I will explain why this image, which Landau questioned in the 1950s, is false. I will use recent velocity measurements obtained by very high resolution laser velocimetry to show that the energy "cascade" is in fact driven by extreme events on a very small scale, which are the signature of quasi-singularities of the Navier-Stokes equations existing under the Kolmogorov scale.


Thursday, 30.01.2020: Lecture

Francisco J. Beron-Vera, University of Miami
Stability of the Malvinas Current

Deterministic and probabilistic tools from nonlinear dynamics are used to assess enduring near-surface Lagrangian aspects of the Malvinas Current. The deterministic tools are applied on a multi-year record of velocities derived from satellite altimetry data, revealing a resilient cross-stream transport barrier. This is composed of shearless-parabolic Lagrangian coherent structures (LCS), which, extracted over sliding time windows along the multi-year altimetry-derived velocity record, lie in near coincidental position. The probabilistic tools are applied on a large collection of historical satellite-tracked drifter trajectories, revealing weakly communicating flow regions on either side of the altimetry-derived barrier. Shearless-parabolic LCS are detected for the first time from altimetry data, and their significance is supported on satellite-derived ocean color data, which reveal shapes that quite closely resemble the peculiar V shapes, dubbed “chevrons,' that have recently confirmed the presence of similar LCS in the atmosphere of Jupiter. Finally, using in-situ velocity and hydrographic data, conditions for nonlinear symmetric stability are found be satisfied, suggesting a duality between Lagrangian and Eulerian stability for the Malvinas Current.

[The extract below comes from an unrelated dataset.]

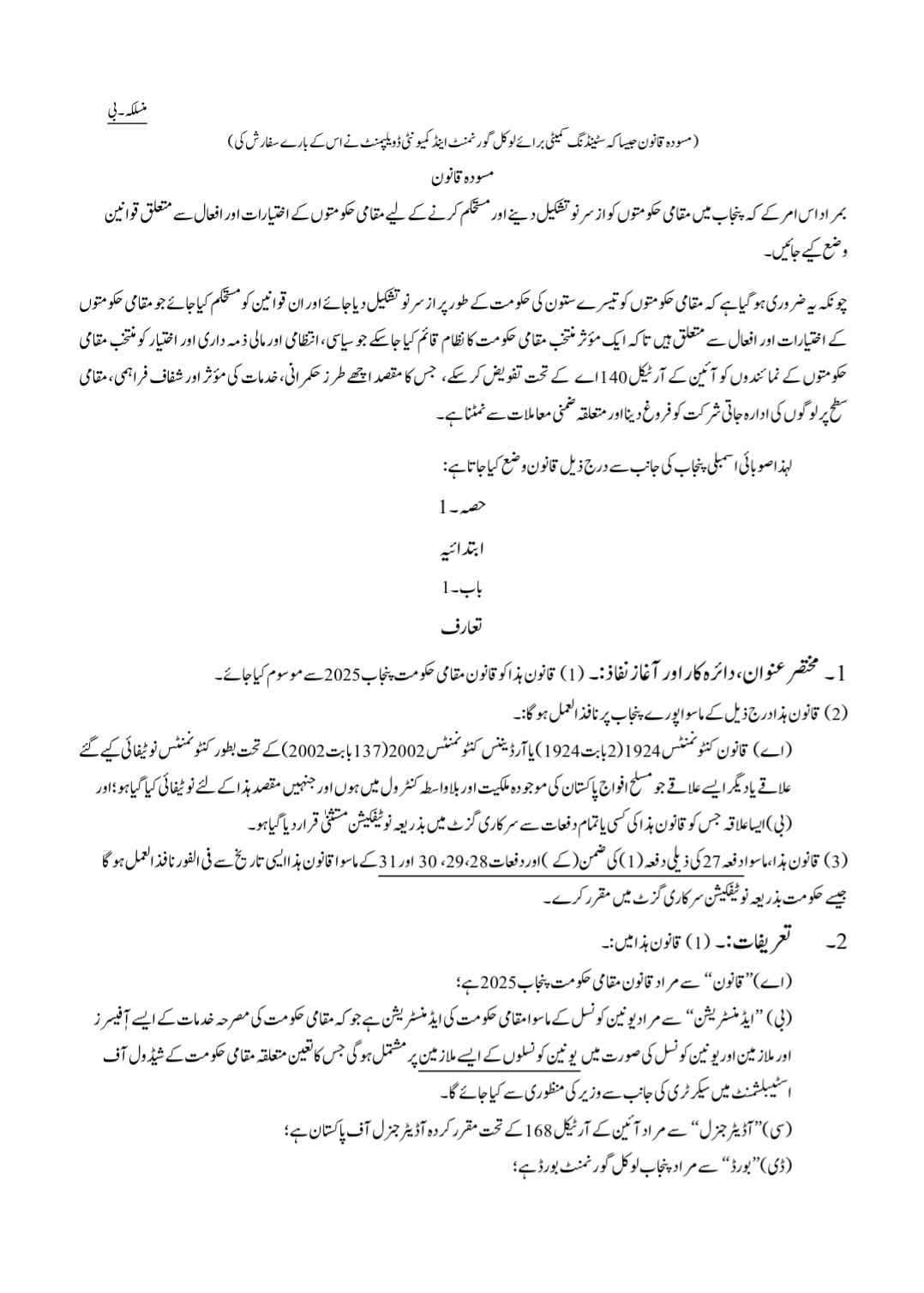 پنجاب لوکل گورنمنٹ ایکٹ 2025ء اردو ترجمہ عام لوگوں کی رہنمائی کے لئے عام فہم زبان میں جاری کیا جا رہا ہے۔

Thursday, 06.02.2020: Presentation

Rupert Klein, CRC 1114 speaker
Preliminary results of the project visits (Rundreise) and discussion of the CRC 1114 joint publication


Thursday, 13.02.2020: Lecture

Maximilian Engel, TU München
Local phenomena in random dynamical systems: bifurcations, quasi-stationary dynamics and isochronicity

Random dynamical systems theory focuses on dynamical properties of stochastic systems, comparing trajectories with different initial conditions but driven by the same noise. A central question is the asymptotic behaviour of typical trajetories, which is often characterized by a Lyapunov spectrum and its bifurcation behavior. One part of the talk will focus on a new description of stochastic bifurcations, introducing the notion of conditioned Lyapunov exponents for trajectories that stay within a bounded domain for asymptotically long times. We show that conditioned Lyapunov exponents uncover local bifurcations that are typically destroyed in the presence of unbounded noise. A crucial ingredient for determining conditioned Lyapunov exponents is the spectral analysis of hypoelliptic Kolmogorov operators, whose properties can be exploited in computer-assisted proofs. The second part discusses a new approach for describing isochrons, which are cross-sections of limit cycles with fixed return times, in the context of (small) stochastic oscillations. We introduce stochastic isochrons as random stable manifolds for random periodic solutions with noise-dependent period and discuss how this interpretation may be linked to recent physics approaches via an appropriate (S)PDE analysis.

The talk is based on joint work with Thai Son Doan (Vietnam Academy of Science and Technology), Christian Kuehn (TU Munich), Jeroen Lamb and Martin Rasmussen (Imperial College London).